LANSING – The Michigan Department of Natural Resources has launched a new statewide multimedia campaign to promote awareness about the environmental, socio-economic and public health benefits of Michigan’s trees.
The “A tree for life. Forests for a lifetime.” campaign introduces the importance of sustainable forestry and responsible forest management in a series of four 30-second ads that use real paper cutouts blended with an animation style that brings the paper to life.
“The goal of the campaign is to improve recognition among Michigan residents that our forests need care and management to provide clean water, grow our economy, improve quality of life and preserve our precious natural resources for future generations,” said Debbie Begalle, the DNR’s chief of forest resources. “Forests are much healthier when they are actively taken care of, which includes planting trees, fighting disease and ensuring the right amount of trees are cut down in Michigan to balance the needs of people and animals.”
With nearly 4 million acres of state forest land, Michigan has one of the nation’s largest state forest systems.

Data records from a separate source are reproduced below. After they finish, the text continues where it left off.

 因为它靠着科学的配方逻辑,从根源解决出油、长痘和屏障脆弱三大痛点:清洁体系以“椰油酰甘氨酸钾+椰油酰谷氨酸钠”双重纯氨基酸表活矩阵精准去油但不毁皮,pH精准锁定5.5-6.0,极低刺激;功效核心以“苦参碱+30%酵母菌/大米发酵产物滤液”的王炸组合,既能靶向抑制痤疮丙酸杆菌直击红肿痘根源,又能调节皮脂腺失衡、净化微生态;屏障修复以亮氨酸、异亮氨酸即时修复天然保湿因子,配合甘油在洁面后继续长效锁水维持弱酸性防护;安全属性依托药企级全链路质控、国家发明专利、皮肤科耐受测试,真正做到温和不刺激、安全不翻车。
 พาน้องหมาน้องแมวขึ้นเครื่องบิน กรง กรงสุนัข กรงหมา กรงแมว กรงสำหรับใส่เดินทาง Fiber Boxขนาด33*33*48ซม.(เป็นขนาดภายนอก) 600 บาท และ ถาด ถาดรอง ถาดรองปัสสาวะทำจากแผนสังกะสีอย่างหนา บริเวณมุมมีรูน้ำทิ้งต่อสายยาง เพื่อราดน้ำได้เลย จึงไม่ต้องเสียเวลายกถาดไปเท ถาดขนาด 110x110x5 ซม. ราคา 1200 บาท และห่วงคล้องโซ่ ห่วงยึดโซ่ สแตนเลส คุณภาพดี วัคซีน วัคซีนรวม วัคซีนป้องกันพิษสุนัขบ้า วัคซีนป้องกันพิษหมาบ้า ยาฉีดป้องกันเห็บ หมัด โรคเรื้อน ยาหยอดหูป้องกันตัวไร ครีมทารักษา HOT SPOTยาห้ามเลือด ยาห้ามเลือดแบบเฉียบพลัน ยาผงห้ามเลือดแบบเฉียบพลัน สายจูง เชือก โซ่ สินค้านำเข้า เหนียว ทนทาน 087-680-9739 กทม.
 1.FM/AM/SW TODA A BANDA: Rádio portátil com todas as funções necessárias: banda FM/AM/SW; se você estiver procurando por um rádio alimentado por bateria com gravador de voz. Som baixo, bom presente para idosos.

The state’s forest products industry generates $20 billion annually and employs more than 96,000 people statewide.
The campaign is inspired by results from a 2017 DNR-commissioned survey that uncovered knowledge and perceptions of Michigan residents, including:
- Nearly 90 percent of respondents agreed that public lands and forests are valuable and important – even if they don’t go there themselves.
- Nearly 90 percent said it’s important that people manage forests in order to keep them healthy.
An overwhelming majority felt the role of forests was beneficial in providing clean air and water to the state.
The survey also uncovered common misconceptions about sustainable forestry that will be addressed by the new campaign. Many Michigan residents were not aware of key topics central to forest management, including:
- Active management is essential to responsible environmental stewardship. Forests are much healthier when dedicated people following sound science-based management plans actively manage them. The DNR follows the rules to make sure the right amount of trees are cut to balance the needs of people and wildlife.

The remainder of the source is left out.